TTLG Author/Illustrator Profiles
Eva Ibbotson

Eva Ibbotson was born in Vienna, Austria, in the years before World War II. Her mother was a playwright and her father a scientist, but the marriage was unhappy and they soon went their separate ways. Eva's early childhood was spent shuttling back and forth in trains across Europe, from one parent to the other. When Hitler rose to power, Eva's father went to Great Britain, and her mother, after remarriage to a Russian philosopher, soon followed him. Eva switched languages and spent the rest of her childhood in a progressive boarding school, striving to become British. After taking a degree in Physiology at London University, she went on to do research at the University of Cambridge, but she found the experiments she had to perform on living animals very distressing.
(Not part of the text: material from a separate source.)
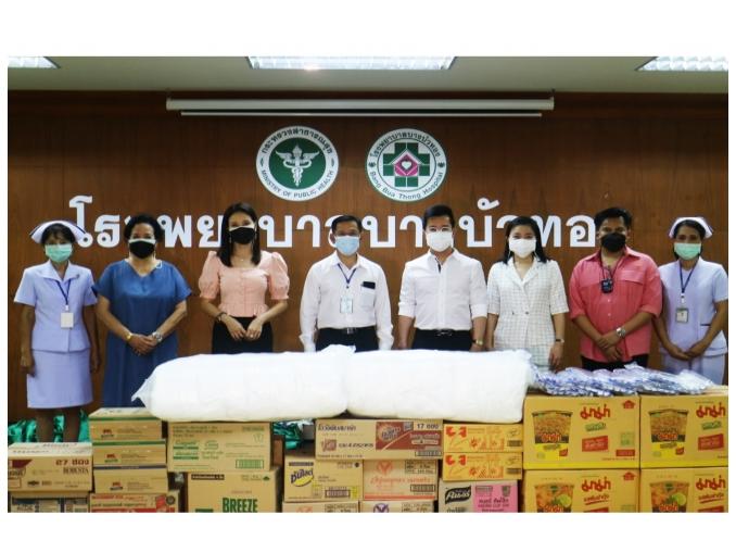 นายแพทย์พุฒิพงศ์ ภูมิสุวรรณ ผู้อำนวยการ AIC Clinic (ลำดับที่ 5 จากทางซ้าย) เข้ามอบ ชุด PPE และของอุปโภค บริโภคให้กับ นายแพทย์.ประพุทธ ลีลาพฤทธิ์ ผู้อำนวยการโรงพยาบาลบางบัวทอง (ลำดับที่ 4 จากทางซ้าย)เพื่อนำไปใช้กับผู้ป่วยที่โรงพยาบาลสนามในการดูแลของโรงพยาบาลบางบัวทอง โดยมี คุณกชกร นิมากรณ์ (ลำดับที่ 3 จากทางซ้าย), พญ. ช้องมาศ เลิศสิน (ลำดับที่ 6 จากทางซ้าย), เพ็ญศรี นิมากรณ์ (ลำดับที่ 2จากทางซ้าย) และ ดร.วโรดม ศิริสุข (ลำดับที่ 7 จากทางซ้าย ) ร่วมบริจาคในครั้งนี้ ที่ห้องประชุมสัตตบงกช อาคาร 3 ชั้น 3 โรงพยาบาลบางบัวทอง. เมื่อวันก่อน

The results of her experiments were "peculiar," she relates, so when a fellow student, Alan Ibbotson, suggested she could do less harm to science by leaving it and marrying him, she accepted without hesitation. The couple moved to Newcastle, in the north of England, where they raised four children and Eva began writing short stories. When the youngest son started school, she wrote her first full-length novel for children and continued to write for children and adults alternately, much to the delight of her many readers.
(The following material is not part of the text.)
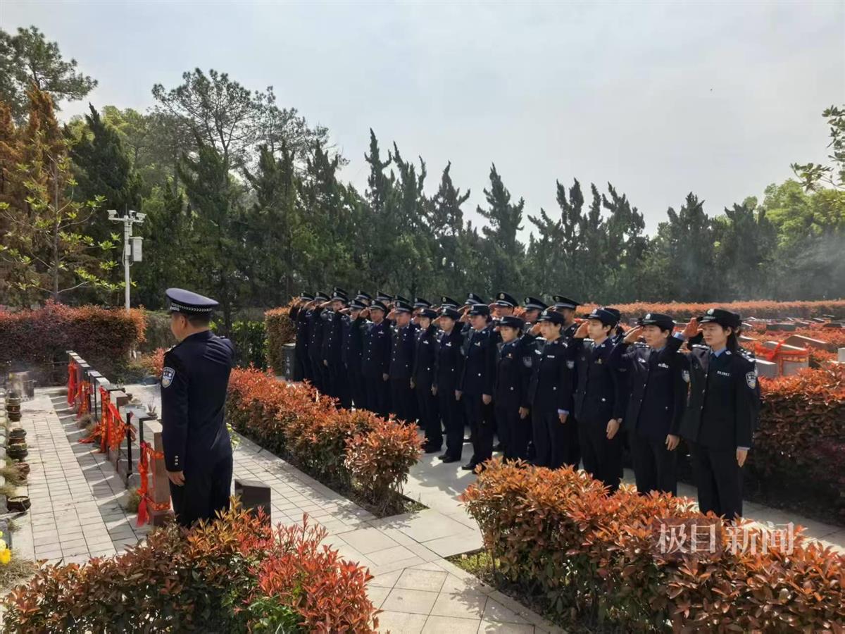 当日9时许,玉笋山陵园内气氛凝重,寄托哀思的白菊在微风中轻摆。青年民警们警容严整,队列整齐。在闵飞的墓碑前,随着一声令下,全体民警集体脱帽,垂首肃立默哀。

Eva has experienced lots of success over the years, and has been shortlisted for the Carnegie Medal with Which Witch? the Smarties Prize with The Secret of Platform 13 and the 2001 Blue Peter Book Award in the Book I Couldn't Put Down category with Monster Mission. Her newest novel, Journey to the River Sea, was runner-up in the Guardian Children's Fiction Award was shortlisted for the Whitbread Children's Book of the Year Award and is currently shortlisted for the Smarties Prize and the 2001 Carnegie Medal.